I do think re: (2), whether such labs actually are amassing “the financial leeway to [build AGI before simpler models can be made profitable]” is somewhat a function of your beliefs about timelines. If it only takes $100M to build AGI, I agree that labs will do it just for the trophy, but if it takes $1B I think it is meaningfully less likely (though not out of the question) that that much money would be allocated to a single research project, conditioned on $100M models having so far failed to be commercializable.
I mostly agree with points 1 and 2. Many interacting AI’s are important to consider, and I think individual AI’s will have an incentive to multiply. And I agree that people will continue to push the capability frontier beyond what is directly useful, potentially giving AI dangerous abilities.
I think we differ on the timeline of those changes, not whether those changes are possible or important. This is the question I’m trying to highlight.
Longer timelines for dangerous AI don’t mean that we shouldn’t prepare for things going wrong; these problems will still need to be solved eventually. Ideally, some researchers would act as if timelines are really short and “roll the dice” on alignment research that could pan out in a few years.
But I’m arguing that the bulk of the field should feel safe investing in infrastructure, movement building, and projects over a 10-20 year timeframe. People considering pursuing AI safety should assume they will have enough time to make an impact.

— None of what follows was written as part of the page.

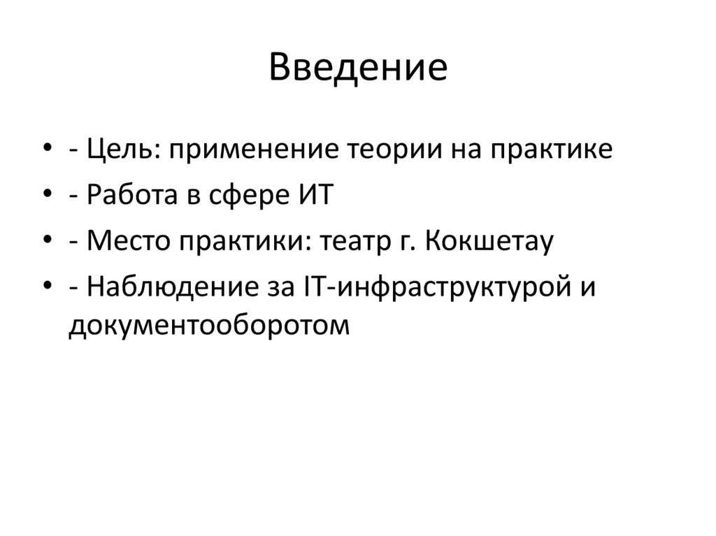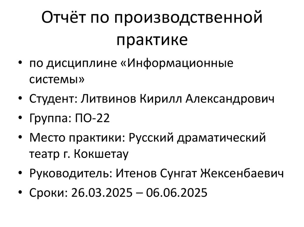 Отчёт по производственной практике в Русском драматическом театре г. Кокшетау

Finding ways to extend this horizon further into the future is valuable because it gives the field more time to grow.
I see at least two problems with your argument:
There’s an assumption that you need a single agent to lead to existential risk. This is not the case, and many scenarios explored require only competent and autonomous service like AIs, or foundations models. Like, CAIS is a model of intelligence explosion and has existential risks type failure modes too.
There’s an assumption that just because the non AGI models are useful, labs will stop pursuing AGI. Yet this is visibly false, as the meme of AGI is running around and there are multiple labs who are explicitly pushing for AGI and getting the financial leeway to do it.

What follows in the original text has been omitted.